Written by Peter Korzun; Originally appeared on strategic-culture.org
President Trump’s announcement that he intends to order the US military out of Syria attracted a lot of public attention, unlike the war preparations that preceded and followed those statements.
Three months ago, the American military established an outpost in Manbij, in the wake of Turkey’s threats to seize control of the area. The US has some 300 soldiers based at two facilities there. In March, US Marines beefed up the military presence at the Al-Tanf base in southern Syria that is located just a few miles from the Jordanian border. The American military has established a 55-km. no-go zone around that facility.
On May 15, US personnel were reported to be setting up a new base in Badiyeh al-Sha’afa in Syria’s Deir ez-Zor province. It’s hard to believe that this move is justified by the need to confront the Islamic State — that once-powerful enemy now on the brink of extinction. One does not need new bases to finish it off. The Syrian army is well versed in how to do that.
Last month US forces were also reported to be building a new outpost at the al-Omar oil field in southeastern Deir ez-Zor. They were deployed to positions around the Conoco and al-Jafreh oil fields. On April 7, the area around the oil fields in Deir ez-Zor was declared a military zone by the US-led SDF. That group has already clashed with Syrian forces in the fight to control the province.
The SDF is constantly reinforcing its positions in Deir ez-Zor as part of its ongoing Operation Al-Jazeera Storm, which was launched on May 1. It recently seized al-Baghuz and is pushing the remaining ISIS forces out of the pocket of Hajin and al-Dashisha along the border with Iraq. These operations are coordinated with the Iraqi air force. The SDF Arab-Kurdish forces have liberated about 65 square kilometers from Daesh. Making short work of whatever is left of the Islamic State is certainly a good thing, but Syrian troops will not be allowed in. The territory will become part of a quasi-state created to become a separate entity.

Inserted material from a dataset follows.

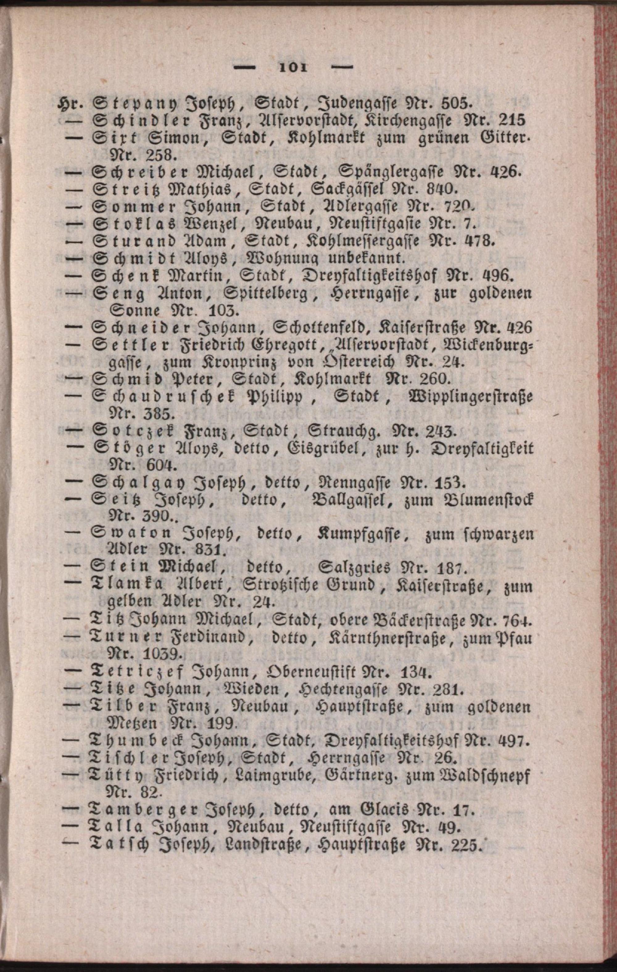 Adreß-Buch der ehrsamen Handwerks-Innungen in der k.k. Haupt- und Residenzstadt Wien, für das Jahr 1827 : enthaltend ein genaues Nahmens-Verzeichnis aller dermahligen Herrn Vorsteher und bürgerlichen Meister, sodann der Befugten jeder Innung, nebst Angabe der Wohnungen und Verkaufsgewölbe (Stadt, Vorstadt, Polizey-Bezirk, Haus Nr.) der zurückzulegenden Lehrjahre und der Herbergsorte ; zum leichteren Aufsuchen für Einheimische und Fremde / hrsg. von Franz Rittler

Despite its recent claims to the contrary, the US is hunkering down in Syria for the long haul. The US, Saudi Arabia, and France have already discussed the possibility of joint actions against Iran. The administration is pressing its Arab allies to do more. French forces are already operating in Deir ez-Zor together with the SDF.
The US buildup in northeastern Syria is important for cutting off any direct land route from Tehran across to the Mediterranean.
It is symbolic that the United States was not present at the Astana round of talks on May 14-15. It shows that Washington is no longer interested in de-escalation zones. It wants a divided Syria, with a new, pro-US entity on the map of the Middle East. It is creating local governing bodies that operate independently from Damascus, with enough money flowing in to keep them functional. And it would like to see other parts of Syria plunge into an all-against-all war. Instead of nation-building, Washington is engaged in nation-destruction. That’s why it continues to train rebel forces at Al-Tanf. The militants are not undergoing special exercises to hone their skills for peacekeeping operations, but rather for subversive activities.
Syria’s territorial integrity is guaranteed by UN Resolution 2254 — a binding document that the US, along with France, is in flagrant violation of.
But what if the US achieves in Syria what it wanted to do in Iraq — create a prosperous, pro-Western “democratic” state that can become a shining example for other Arab states to follow? The Iraqis have failed to grasp this “opportunity.” On May 15, they proved that once again by voting for Muqtada al-Sadr, the leader of Saraya al-Salam, who fought against the US-imposed “liberation.”
The UN General Assembly’s condemnation of Washington’s decision to relocate its embassy in Israel from Tel Aviv to Jerusalem shows how badly the US needs a success to rescue its waning clout in the region. Becoming the leader of the anti-Iranian coalition is how they’ve decided to do that and the location for that is Syria. The creation of a pro-Western entity in northeastern Syria will weaken Iran’s influence in Iraq and keep Russia contained.
But things could go the other way around. What if the Kurdish-dominated forces plunge into clashes with the local Arab population and the problems of inefficient local governance mount, while the Astana process makes progress thanks to the cease-fire and restoration of peaceful life in the de-escalation zones? A Kurdish-dominated entity, even if it is pro-US, is not something that Turkey may like or accept. Will the partition of Syria boost US standing in the region? Other Arab nations will think twice about letting America play a role in the management of any conflict. There are more questions than answers, but we have what we have — the US military presence in Syria is ballooning, hampering peace efforts and provoking armed conflicts.